Dolores is getting Caleb ready to hobnob with some rich people, while Dempsey’s hash key is stolen by Host-Connels. Then Dolores steals another key from the blood of a finance guy she knocks out while Caleb looks on–if he’s having anything like my reaction, he’s both scared and swept off his feet. Dolores injects him with the key and they move on to wherever they’re stealing from. After a tense moment in a bank, they make a giant transfer to fund Dolores’s plans.
Then Serac shows Maeve where Dolores made the other hosts she saved, and reveals to her that there are several other hosts out there already. He tortures an informant in front of her, showing him possible futures if he does or doesn’t help them. His whole thing is “future,” and it seems like he’s really sticking to his brand.
Meanwhile, a masked ball scene serves as the high point of the episode, showing Dempsey cruising hosts being displayed in Victorian wear while Dolores and Caleb skulk around waiting to get him. Instead, Bernard and Stubbs get to him first. Bernard is surprised Dolores hasn’t made the switch yet, and Dolores seems surprised to see Bernard, so she starts shooting. Then, in an earth-shattering reveal, the three hosts who Dolores has reanimated all reveal themselves to be–Dolores!
This episode left us without much more to speculate on when it comes to the mysterious billionaire Serac. Maeve and Serac have their encounter in the hotel that’s served as Dolores’s meeting place several times already. A connection? Serac also makes a cryptic reference to his past that has made the Internet think he might be a Host–but that could be a feint on the show’s part; for a lot of reasons, it might be more interesting to explore how Serac got displaced by some biochemical disaster that contributed to making this world the way it is. However, if Serac is the one who created the supercomputer, it could make sense that only a computer could build another computer.
William’s whole dynamic with his dead daughter is something of a bore, though. It’s like, okay, we get it, she’s a manifestation of his guilt.

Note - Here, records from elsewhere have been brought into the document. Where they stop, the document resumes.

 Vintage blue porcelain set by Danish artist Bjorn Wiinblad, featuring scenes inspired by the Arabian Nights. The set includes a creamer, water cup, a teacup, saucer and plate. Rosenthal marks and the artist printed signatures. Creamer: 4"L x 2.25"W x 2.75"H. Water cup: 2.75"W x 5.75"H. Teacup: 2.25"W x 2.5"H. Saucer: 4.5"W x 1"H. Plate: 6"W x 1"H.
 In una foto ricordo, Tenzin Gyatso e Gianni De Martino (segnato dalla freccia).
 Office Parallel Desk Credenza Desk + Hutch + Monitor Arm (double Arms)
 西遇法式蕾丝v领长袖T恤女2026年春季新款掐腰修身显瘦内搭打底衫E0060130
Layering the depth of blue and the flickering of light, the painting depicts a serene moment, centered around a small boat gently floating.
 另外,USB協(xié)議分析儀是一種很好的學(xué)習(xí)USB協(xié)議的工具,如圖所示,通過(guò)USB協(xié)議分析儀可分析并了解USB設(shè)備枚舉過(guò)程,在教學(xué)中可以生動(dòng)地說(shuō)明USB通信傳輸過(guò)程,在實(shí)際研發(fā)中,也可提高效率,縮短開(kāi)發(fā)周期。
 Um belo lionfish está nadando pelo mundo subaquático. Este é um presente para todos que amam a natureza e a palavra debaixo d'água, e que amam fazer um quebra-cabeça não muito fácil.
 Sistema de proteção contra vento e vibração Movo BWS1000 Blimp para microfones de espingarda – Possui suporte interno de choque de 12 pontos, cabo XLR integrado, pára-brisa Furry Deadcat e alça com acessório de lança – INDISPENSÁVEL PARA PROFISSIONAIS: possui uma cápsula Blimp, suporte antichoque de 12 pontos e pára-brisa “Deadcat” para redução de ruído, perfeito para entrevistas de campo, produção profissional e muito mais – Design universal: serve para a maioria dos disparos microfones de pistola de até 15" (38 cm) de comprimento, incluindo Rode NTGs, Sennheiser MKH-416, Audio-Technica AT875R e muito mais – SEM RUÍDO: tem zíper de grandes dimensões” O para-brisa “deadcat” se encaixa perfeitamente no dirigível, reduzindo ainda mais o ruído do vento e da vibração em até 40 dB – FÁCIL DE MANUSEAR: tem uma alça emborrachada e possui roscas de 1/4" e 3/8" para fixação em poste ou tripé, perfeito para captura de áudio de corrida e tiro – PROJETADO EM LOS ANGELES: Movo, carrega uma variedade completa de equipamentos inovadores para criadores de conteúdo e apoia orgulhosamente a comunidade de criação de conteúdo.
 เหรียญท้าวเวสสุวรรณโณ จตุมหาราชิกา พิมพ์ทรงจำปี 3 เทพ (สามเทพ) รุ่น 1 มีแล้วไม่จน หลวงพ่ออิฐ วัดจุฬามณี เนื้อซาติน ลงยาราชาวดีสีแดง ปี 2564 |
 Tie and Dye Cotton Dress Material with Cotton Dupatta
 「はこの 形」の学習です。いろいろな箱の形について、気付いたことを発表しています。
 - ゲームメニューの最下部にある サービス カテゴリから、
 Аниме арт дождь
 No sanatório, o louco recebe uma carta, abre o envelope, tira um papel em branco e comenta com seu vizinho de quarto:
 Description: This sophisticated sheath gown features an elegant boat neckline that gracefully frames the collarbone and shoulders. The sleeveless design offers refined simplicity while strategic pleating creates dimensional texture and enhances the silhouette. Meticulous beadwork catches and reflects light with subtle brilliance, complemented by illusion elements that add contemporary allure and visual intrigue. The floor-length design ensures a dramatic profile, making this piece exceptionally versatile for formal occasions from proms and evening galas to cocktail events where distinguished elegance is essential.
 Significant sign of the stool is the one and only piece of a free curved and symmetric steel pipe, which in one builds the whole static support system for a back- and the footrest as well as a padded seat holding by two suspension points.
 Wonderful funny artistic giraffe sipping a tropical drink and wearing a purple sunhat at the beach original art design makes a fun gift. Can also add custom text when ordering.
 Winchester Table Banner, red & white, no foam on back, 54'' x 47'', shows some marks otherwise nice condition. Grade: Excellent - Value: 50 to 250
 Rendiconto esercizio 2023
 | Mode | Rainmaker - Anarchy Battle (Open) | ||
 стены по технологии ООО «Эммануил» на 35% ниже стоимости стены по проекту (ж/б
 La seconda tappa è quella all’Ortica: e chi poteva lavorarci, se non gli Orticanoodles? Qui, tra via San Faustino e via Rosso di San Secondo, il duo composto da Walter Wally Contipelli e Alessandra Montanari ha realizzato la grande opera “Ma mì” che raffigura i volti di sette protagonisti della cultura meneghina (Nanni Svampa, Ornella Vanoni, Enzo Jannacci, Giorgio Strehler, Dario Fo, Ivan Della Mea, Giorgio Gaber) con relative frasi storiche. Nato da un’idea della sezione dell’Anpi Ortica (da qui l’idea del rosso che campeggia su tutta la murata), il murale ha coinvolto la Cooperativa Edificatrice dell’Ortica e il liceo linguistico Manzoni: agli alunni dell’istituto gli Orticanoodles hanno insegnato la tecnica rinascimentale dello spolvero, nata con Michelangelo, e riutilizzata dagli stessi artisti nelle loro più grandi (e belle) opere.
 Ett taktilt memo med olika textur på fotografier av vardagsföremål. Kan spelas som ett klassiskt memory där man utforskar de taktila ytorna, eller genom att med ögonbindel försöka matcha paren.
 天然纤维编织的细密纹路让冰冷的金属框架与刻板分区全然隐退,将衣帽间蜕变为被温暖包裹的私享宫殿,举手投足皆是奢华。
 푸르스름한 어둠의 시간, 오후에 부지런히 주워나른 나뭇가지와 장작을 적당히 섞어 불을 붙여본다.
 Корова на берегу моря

The D stories in this show can be pretty heavy-handed, and this one was a prime example. Another rather tired part of the episode was when Caleb shoehorned in the phrase “I’m with her.” Like okay, we get it, it’s feminism that Dolores is an evil robot out to destroy all humanity. I’ve always loved Westworld for its strong female characters but that little touch just felt forced. However, everything else involving Dolores was incredible as always because Evan Rachel Wood has somehow found a way to be even more dynamite this season.
But the reveal! It’s so perfect for Dolores’s character as it is right now to only be relying on herself. I get the sense that her arc for this season will involve learning to trust Caleb, a double whammy for her since it means she’ll have to trust someone else and a human more specifically. He’s basically just following her lead now, but in the coming episodes, I won’t be surprised if his character has some surprises for Dolores and ends up teaching her a little something about what it means to be human. We can see her experiences in the park have left her with very little faith in either humanity or other hosts, but that might just be about to change.
7/10. – The reveal at the end was the main thing that put this one over the 5/10 mark. The rest mostly felt like set-up to the rest of the season, or just filler.